We notice however, that the age divisions are different in this dataset compared to the estimate dataset - we do not have a 1-4 years category, which is the variable where our issue resides. We will therefore have to sum the variables which cover the 0-4 age range in our original dataset, and compare that total to the 0-4 total in the census dataset.

We can also compare the 0-4 range itself from the original dataset.

We will look at the totals we get from Both Sexes, then by Males + Females, using a variable cover of:
"Under 1 year" + "1 - 4 years" = "0 - 4 years". In each case we need to multiply the figures from the original dataset by 1000 as they are expressed in thousands of people.

In [29]:
pivoted_2016 = pivoted_population_df.loc[2016].copy()
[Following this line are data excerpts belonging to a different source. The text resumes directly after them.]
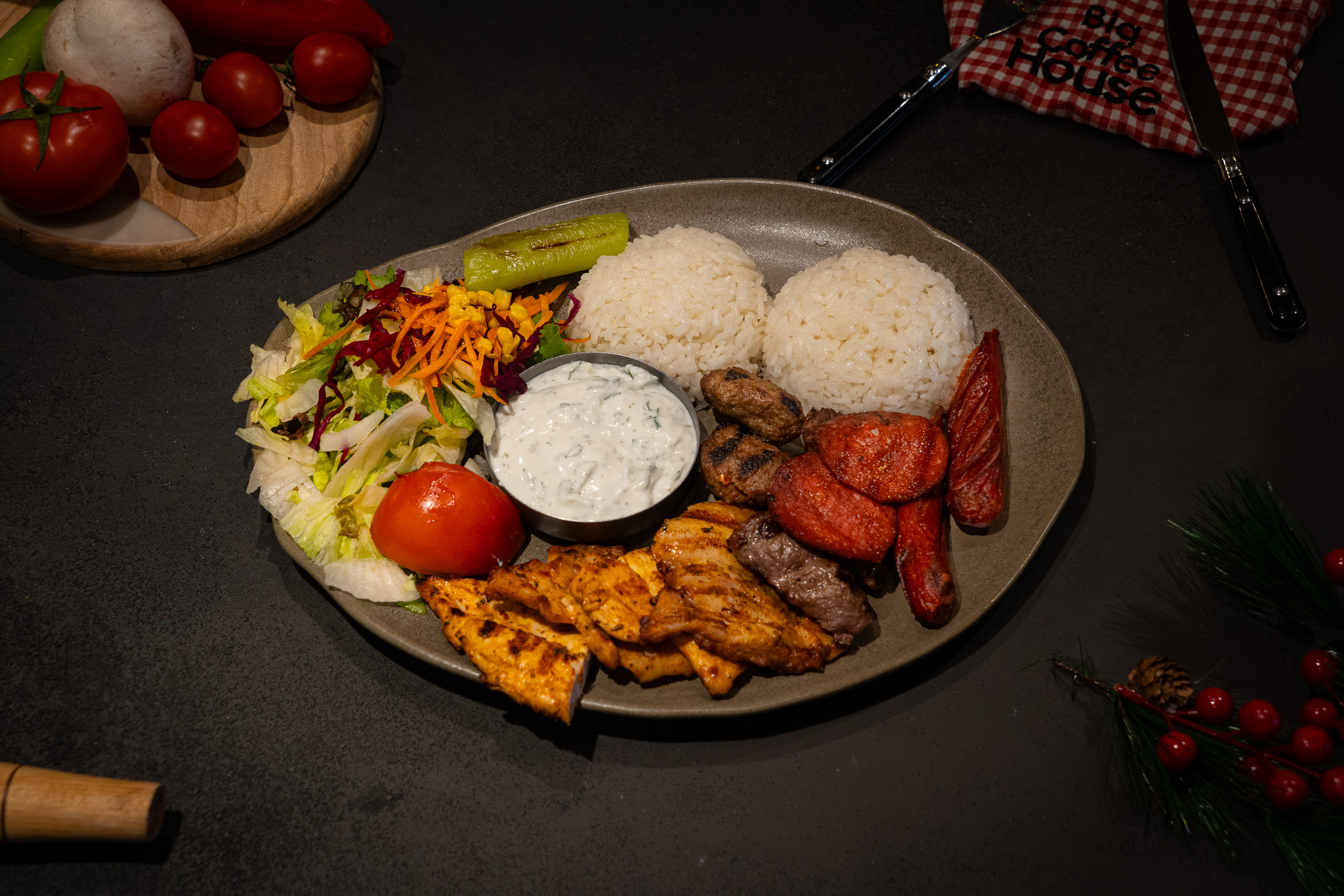 " Izgara Dana Bonfile, Izgara Köfte, Izgara Sucuk, Dana Frankurter Sosis, Izgara Tavuk Bonfile, Izgara Tavuk Pirzola, Izgara Domates, Biber, Yanında Arpa Şehriye Pilavı, Kuru Cacık, Akdeniz Yeşillikleri ile"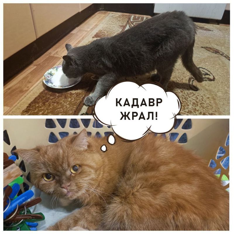 Кошочка-сурикат Марфа из разбомбленной Новотошковки приехала в Тамбов, к родителям разведчика Заката. Немедленно их обмурчала и съела всю еду Тамбовского Кота, персика Марсика. Марсик не очень доволен. Ну представьте: в ресторане официант подаёт вам еду, вы неспешно приступаете к трапезе, и тут наглая девица с шотландским акцентом подбегает и начинает жрать прямо из вашей тарелки!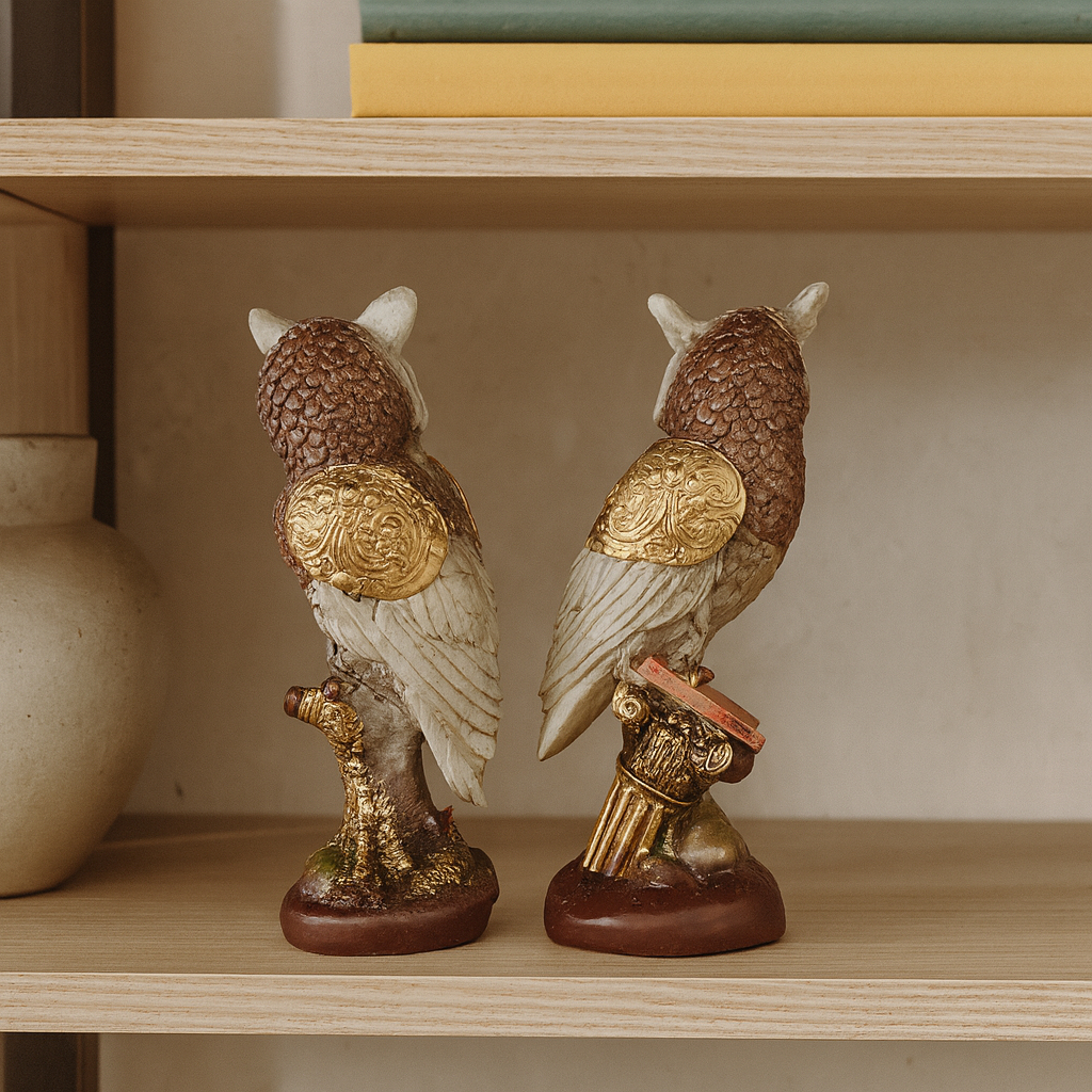 Kit Com 2 Corujas Decorativa Em Gesso Sala Escritorio Enfeite Bancada Casal Corujas Da Sorte Rustico

pivoted_2016['0 - 4 years'] = pivoted_2016['0 - 4 years']*1000
pivoted_2016['0 - 4 summed'] = (pivoted_2016['Under 1 year'] + pivoted_2016['1 - 4 years'])*1000
pivoted_2016['0 - 4 census'] = census_2016_age_df.loc[
    (census_2016_age_df['electoral_division'] == 'State') & (census_2016_age_df['statistic_label'] == 'Persons aged 0-4 years')
    ]['value'].iat[0]

In [30]:
pivoted_2016[[
    '0 - 4 years', 
    '0 - 4 summed', 
    '0 - 4 census']]

age_group,0 - 4 years,0 - 4 summed,0 - 4 census
sex,Unnamed: 1_level_1,Unnamed: 2_level_1,Unnamed: 3_level_1
Both sexes,331400.0,331400.0,331515
Female,161700.0,312300.0,331515
Male,169700.0,169800.0,331515


We can see that the Both Sexes figures for both the 0-4 years and our 0-4 summed variable agree with the census figures (a difference of 115 people), wheras the Female + Male figures for our 0-4 summed variable would give us a total of over 480k, which is far greater than the census figure, leading us to conclude that the 1-4 years data for Females has likely been reported erroneously.